Task goal —
For the data that follows, return each line unchanged and drop the pictures.

Source data —
|---|
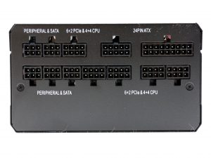 The modular panel includes twelve sockets in total, five for the peripheral cables, an equal number for the EPS and PCIe cables and a pair for the main ATX cable.
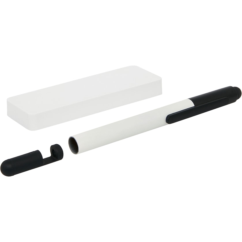 Sæt med powerbank og touchpen. Pennen fungerer også som mobilholder. Powerbanken har output 5V/1A og input 5V/1A. Micro-USB-kabel medfølger. Trykprisen indikerer tryk på enten powerbanken eller pennen. Leveres i en sort gaveæske.
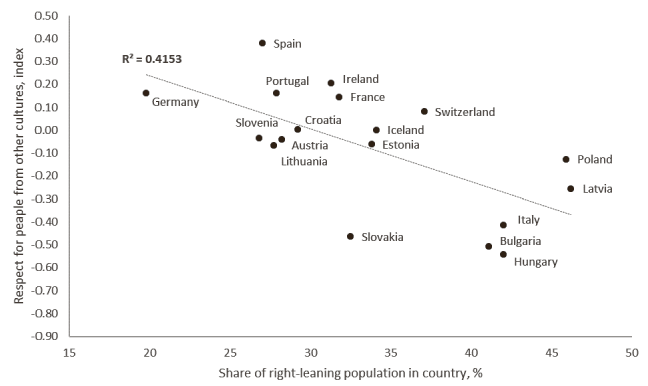 A similar situation is observed when students are asked whether they respect people from other cultures as equal human beings. A strong negative correlation is observed between the index of respect for people from other cultures and the percentage of the right-leaning population in the country (. =-0.642, .=0.004). The positions of the countries can be seen in Figure 3. The share of the right-leaning population in the country explains 41.53% of the variation in result of the respect for people from other cultures.
|---|
Solution —
 The modular panel includes twelve sockets in total, five for the peripheral cables, an equal number for the EPS and PCIe cables and a pair for the main ATX cable.
 Sæt med powerbank og touchpen. Pennen fungerer også som mobilholder. Powerbanken har output 5V/1A og input 5V/1A. Micro-USB-kabel medfølger. Trykprisen indikerer tryk på enten powerbanken eller pennen. Leveres i en sort gaveæske.
 A similar situation is observed when students are asked whether they respect people from other cultures as equal human beings. A strong negative correlation is observed between the index of respect for people from other cultures and the percentage of the right-leaning population in the country (. =-0.642, .=0.004). The positions of the countries can be seen in Figure 3. The share of the right-leaning population in the country explains 41.53% of the variation in result of the respect for people from other cultures.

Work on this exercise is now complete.